VPNs Disconnecting / Reported Memory Issue
-
Hi
We have an issue with our Netgate SG-3100. We have multiple VPN's configured that eventually stop passing traffic and fail to reconnect, until a soft reboot of the firewall is issued. Once the reboot completes, all VPNs reconnect fine and start functioning as expected, until the issue is hit again (after roughly 2 days).
Having reviewing the ipsec logs, we've unearthed the following memory allocation error:
Apr 2 05:22:19 pfSense-le charon: 12[KNL] <con13000|200> unable to add SAD entry with SPI cb36cc85: Cannot allocate memory (12)
Oddly however, at the time that the issue is reported, there's plenty of memory available. We've got a suspicion that this may indicate an issue with Kernel allocating memory properly.
I did some searching in the strongswan code and found that this error messages appears to be getting passed back by the kernel after a pfkey_send call.
https://github.com/strongswan/strongswan/blob/master/src/libcharon/plugins/kernel_pfkey/kernel_pfkey_ipsec.c
if (pfkey_send(this, msg, &out, &len) != SUCCESS) { DBG1(DBG_KNL, "unable to add SAD entry with SPI %.8x", ntohl(id->spi)); return FAILED; } else if (out->sadb_msg_errno) { DBG1(DBG_KNL, "unable to add SAD entry with SPI %.8x: %s (%d)", ntohl(id->spi), strerror(out->sadb_msg_errno), out->sadb_msg_errno); free(out); return FAILED; }
we're getting that second form of the error message where there has been an error number passed back. So the question is - Why would the kernel pfkey run out of memory and how can we check for that and/or increase it?
-
Sounds incredibly familiar. I'm operating the same platform (SG-3100), and having exactly the same problem as you're describing.
Are you running an HA cluster setup or just a single SG-3100? What platforms are used on the remote ends of your tunnels? How big is the environment for your SG-3100 (how many interfaces, VLANs, firewall rules, connected devices etc.)?

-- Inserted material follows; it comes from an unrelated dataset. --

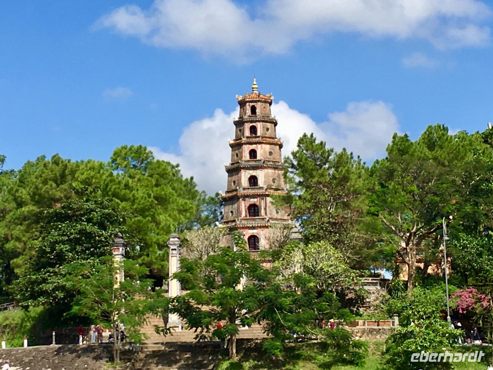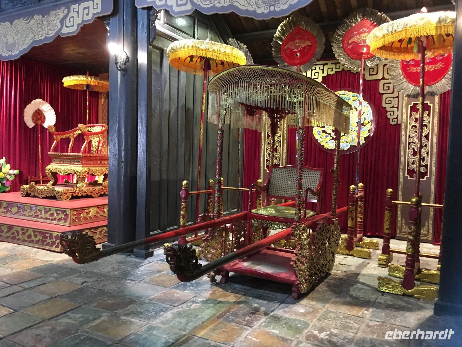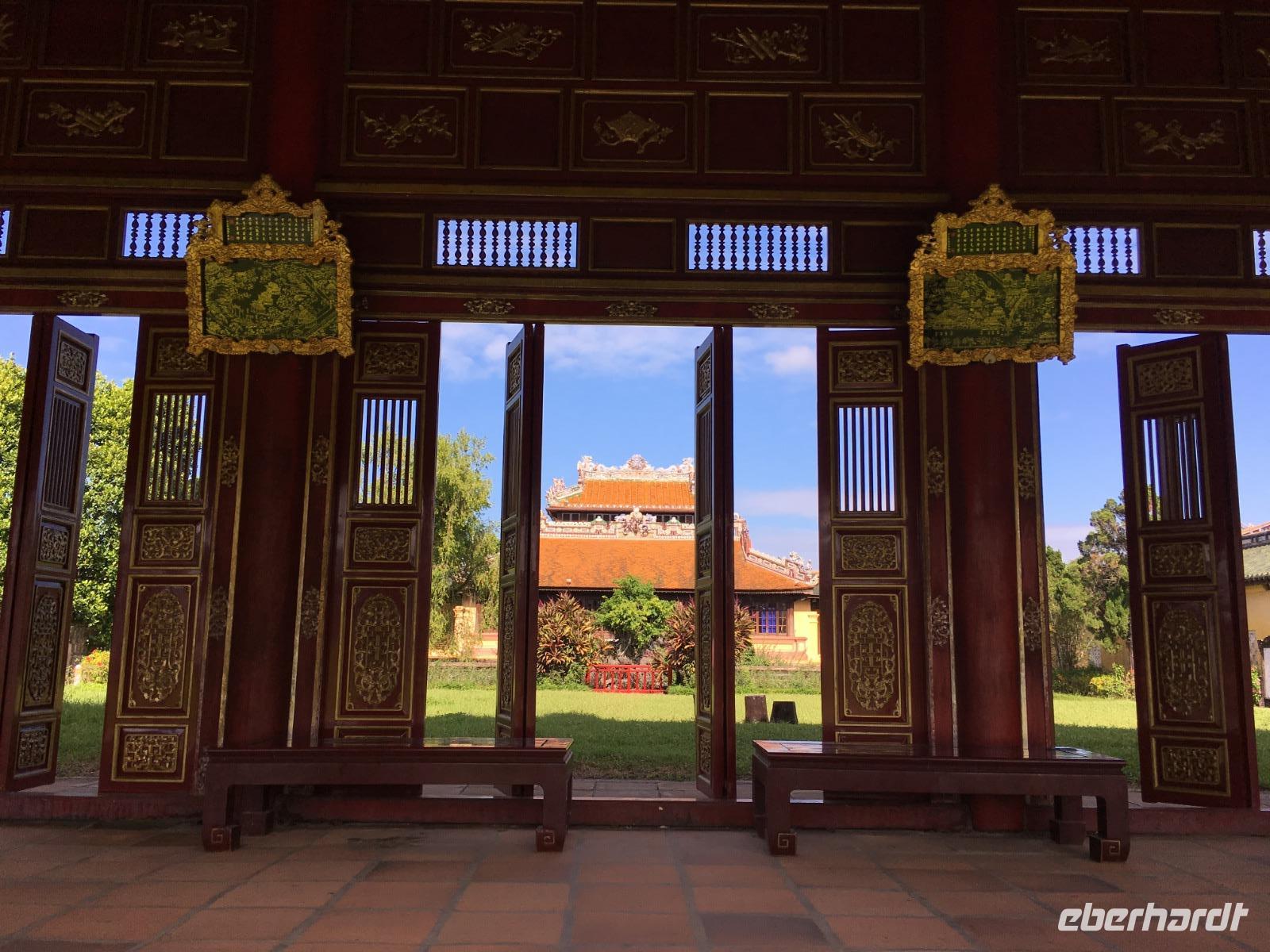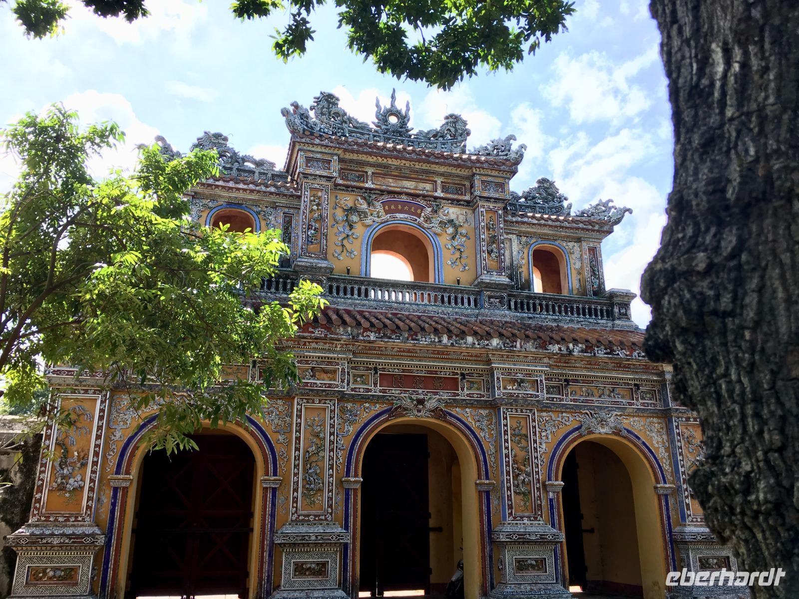 Ach wie schoen, es scheint die Sonne, wir koennen ausschlafen, der Dachterassenpool lockt, das ist Urlaub. Das Fruehstuecksbuffet ist so gross man braucht ein Fahrrad um es anzuschauen (Spruch eines Gastes). Um 9 Uhr fahren wir ab, aber bloss 10 Minuten spaeter sind wir schon angekommen. Heute faengt die Stadtrundfahrt in Hue auf dem Parfumfluss an. In einem glueckbringendem Drachenboot tuckern wir geruhsam dahin. Viele Fotos werden von den Pagoden, Bruecken, Fischer und anderen pitoresken kleineren Booten gemacht bis die Verkaufsdame auf dem Schiff nicht ihre Ware ausbreitet. Schoene Hemden, Morgenroecke, Schals und sonstiges wird nun feilgeboten und wir werden schwach.... Aber schau, da ist sie ja, die aelteste Pagode...wir legen an...noch schnell das Gekaufte bezahlen (am Schluss ist der Preis immer die Haelfte !) und freundliche Verabschiedung der Crew. Die steilen Stufen muessen nun gekraxelt werden, aber wir sind ja unterdessen schon fast Athleten, ehe wir vor der wunderbaren, nicht bombardierten, Tien Mu Pagodensaeule stehen. Die aelteste gusseisene Glocke wird auch betrachtet und dann gehts weiter zur Pagode die fuer die Ahnenverehrung noch immer gerne benutzt wird. Hier wohnen auch Moenche in ihren braunen Kutten und wir sehen wie die Jungen gerade aus der Schule wieder zurueck zur Pagode gehen. Es wird langsam warm und so sind wir gar nicht so ungluecklich in den gekuehlten Bus einzusteigen. 1 Kilometer spaeter, sind wir jedoch schon wieder angekommen...dieses mal bei dem beruehmten Kaiserpalast mit seiner Zitadelle, dem aeusseren Bereich der mit einer 11 Kilometer langen hohen Mauer eingefasst ist, dem Paradeplatz, einem Wassergraben, der Inneren Stadt inwelche man durch 4 Tore hineingehen kann und innendrinnen der Verbotenen Stadt die bloss fuer den Kaiser gedacht ist. Es ist ein sehr grosses Areal und wir koennten auch 2 Tage hier verweilen. Dieser Kaiserpalast war der Sitz von 10 Kaiser der Nguyen Dynastie. In der inneren Stadt lebten die Angestellten, Offiziere und Beamte. Hier ist auch die Audienz Halle. Um in die Verbotene Stadt zu kommen, gibt es bloss einen Eingang und fuer die Ehefrau, die Nebenfrauen sowie die Konkubinen gibt es auch keinen Ausgang, denn sie leben mit dem Kaiser und sind von der Aussenwelt abgeschieden. Bloss die Mutter des Kaisers und noch ein paar Eununche duerfen ausserdem in der Verbotenen Stadt leben und auch den Ausgang benutzen. Leider wurde waehrend der Kriegszeit vieles hier zerstoert, erst die Franzosen, dann die Amis, aber das Teehaus steht noch romantisch inmitten eines schoenen Teiches. Es ist so einladend, dass auch wir dort Tee und Kaffee trinken. Der Lesepavillon und der Wohnpalast sind noch groessten Teils original mit herrlich rot lackierten Holzsaeulen und Baldachine, dem Thron, der Saenfte und Tische sowie Stuehle. Rot und Gold wohin man schaut. Aussen sind die Pavillons mit Drachen, Schildkroeten, Phoenixe und Nghe verziert. Ein Phoenix ist ein Fabelvogel der Nghe ist jedoch ein Wulpertinger mit magischen Kraeften ! Wir lernen so vieles von Ngoc (Noch), dass wir uns nun ein gutes Bild machen koennen, wie das Leben auf dem vietnamesischen Hof anfangs des 19 Jhd bis ende des 20 Jhd ablief. Wir sind draufgekommen, dass man wirklich kein maennlicher Verwandter eines Beamten oder Offiziers sein wollte, denn wenn da was auf dem Hof nicht gerade passte, wurden bis zu 3 Generationen Maenner des Straeflings gekoepft. Auch eine Konkubine sein, ist nicht lustig, man ist eine von vielleicht 200, hat gebundene mini-Fuesse, darf nie raus, darf den Kaiser nie anschauen und wird aehnlich einer Fruehlingsrolle nackt in einen Teppich gewickelt und so zum Kaiser getragen wenn er sich gerade, zufaelligerweise, an einen erinnert. Besser Eberhardt Reisegast sein. Nun sind wir alle durchgeschwitzt und freuen uns auf den freien Nachmittag. Einige haben Massagen gebucht andere verweilen in der Stadt oder beim Pool. Wir gehen frueher schlafen, da wir morgen schon zeitig raus muessen zum Flughafen. Ich waere am liebsten ein Phoenix !
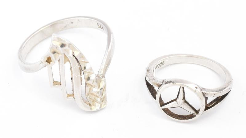 Leírás: 2 darab áttört ezüst (Ag) gyűrű, egyik Mercedes jellel, m: 48,59, 5,1g

Can you confirm that the frequency at which the bug occurrs increases with the number of tunnels? Are you using only VTI tunnels? No VTI at all? A mixture? Can the issue be narrowed down to VTI?We have a tunnel setup of SG-3100 <-> pfSense (x86 Dell HW) <-> Ubiquiti ER-X. The worst part about the bug is, when the first tunnel goes into this weird failed state, it actually even affects the second tunnel (between x86 pfSense and ER-X). This leads me to believe there may be a more general software problem. Though my last hope is still that it's SG-3100 specific and can somehow be fixed even if the fix is to replace the hardware...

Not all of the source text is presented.